I got in my car and drove south, headed out of Boulder, on my way home. The day’s meetings and digital distractions replayed in my head as I drove those first few miles. I knew I would drive right past my yoga studio – it’s on my way home. I had the right clothes and my mat in the back of my car, as I usually do.
I glanced at the clock – 5:40 p.m. – ten minutes to get to the studio, ten minutes to change clothes before class. Plenty of time to settle in on my mat and into my practice. Maybe it would feel good to stretch. Maybe it would help clear my head. Maybe I just need to show up.
To start and close the class, the instructor thanked everyone for committing to show up on their mats. I showed up. That’s all it took.
The creative process can be quite similar. I haven’t written in awhile. I felt stuck – writer’s block settled in. The well ran dry. I didn’t want to write.
There were plenty of other activities I could distract myself with – sports, errands, cleaning my house, playing around on the internet, work projects, and so on. But it’s often in these moments, perhaps more than any other time, that I need to show up in a notebook, with a pen and a piece of paper.
Busyness is often my way of bailing out of telling stories that are waiting to be told. It is just as important for me to commit to showing up in writing as it is for me to show up on my yoga mat.
Let’s take it one step further. Last Sunday, I did a bunch of things around the house, ran errands, had coffee with a friend. My opportunities to go to church decreased with each activity as the day went on until only a couple mass times remained. What’s the harm in skipping a week? Do I really need to go? I could go for a run, hang out at home, watch a movie, prep meals for the week, get a jump start on work – I battle these thoughts every single week.
What if I just showed up?
Down to the wire, I threw on some church-appropriate clothes, drove down the street and walked into mass with a few minutes to pray before it began. Father Faustina talked that night about tolerance, openness and our church as a global church. He reflected on the words and actions of Pope Francis’ recent visit to the U.S. He invited us to dive into our own intolerances and areas where we can grow based on what Pope Francis said.

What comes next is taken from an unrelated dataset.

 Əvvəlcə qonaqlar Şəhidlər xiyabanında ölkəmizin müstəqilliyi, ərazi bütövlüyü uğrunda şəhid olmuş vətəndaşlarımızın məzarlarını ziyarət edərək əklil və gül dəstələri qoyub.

What is it about setting aside time for ourselves to grow – physically, mentally and spiritually – that is met with such resistance? How would our lives be different – strengthened perhaps – if we committed to showing up on our mats, in our notebooks and in the pews?

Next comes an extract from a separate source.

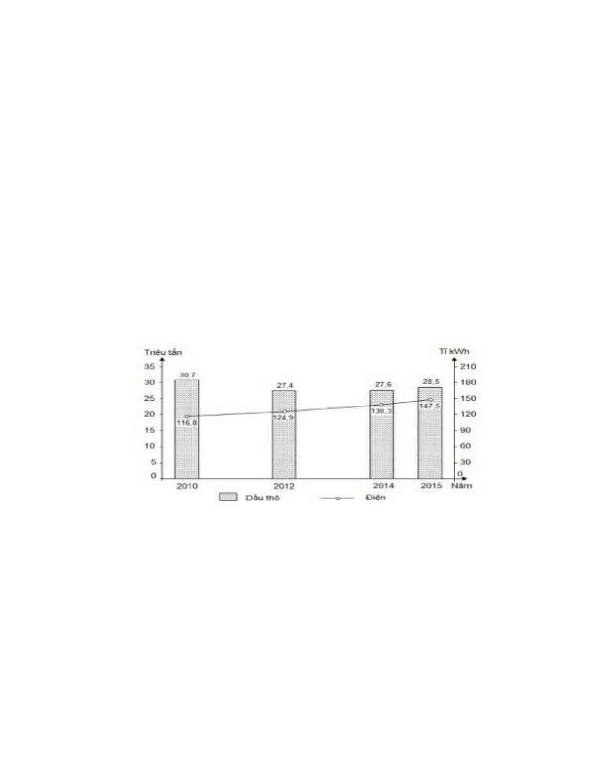 Câu 31. Cho biểu đồ về dầu thô và điện của Ma-lai-xi-a, giai đoạn 2010 - 2015

The human condition is a condition of freedom. There is nothing that demands we do one thing over another. Rather, we decide. We choose which path to journey along. We choose which elements make up that path. We choose who we take that journey with. We choose how and where we are going to show up.
To grow, we have to commit to learning, to setting aside time and to diving into regular practice in the areas we want to develop. Just as we commit to growing physically through exercise, rest and replenishment, so also must we exercise our prayer life, rest in God’s presence and feed our souls with the words and experiences of faith.

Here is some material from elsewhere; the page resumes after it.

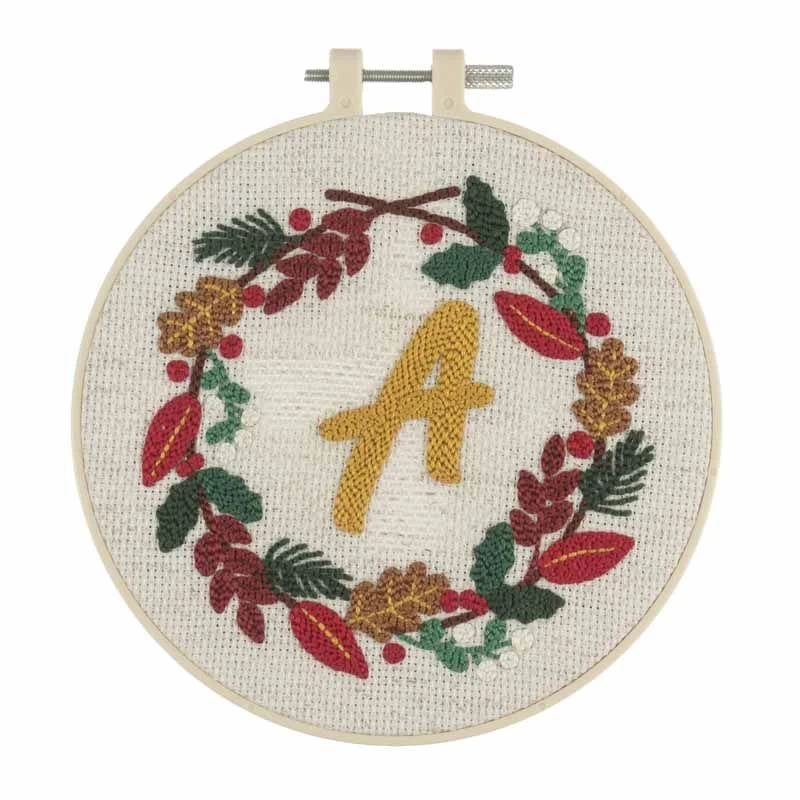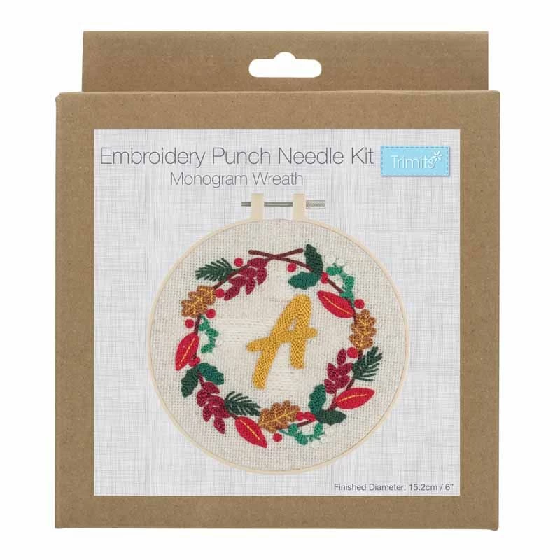 Embroidery Punch Needle Kit With Hoop | Monogram Wreath

I am not going to get any better at yoga by not showing up on my mat. I am not going to get any better at praying by not practicing prayer.
Sometimes, I think we experience the most resistance to showing up in the areas that are most in need of healing. Those are the areas where our hearts and our souls are begging for light, begging for growth. We can grow through the anxieties, the pain and the discomforts, but, in order to do so, we must actively pursue growth in physical, emotional and spiritual ways.
We cannot begin to heal if we do not show up in the places that need healing.
Just as we can ignore the needs of our physical being to move and breathe and be present, we can also ignore the needs of our mental and spiritual capacities. It is much easier – though not nearly as fulfilling – to numb, ignore or deny the wounded areas, than it is to show up in those very places, committed to seeing through the healing process.
Every experience of pain – no matter the magnitude – has the potential to become a rich source of growth, both growth through and growth beyond. When we choose to show up, we choose to sit with, to pray with and to grow through our most difficult moments. In doing so, we invite hope, healing and light into those places.
What would happen if you showed up on your mat, in a notebook, in prayer and in the areas of your heart that need healing?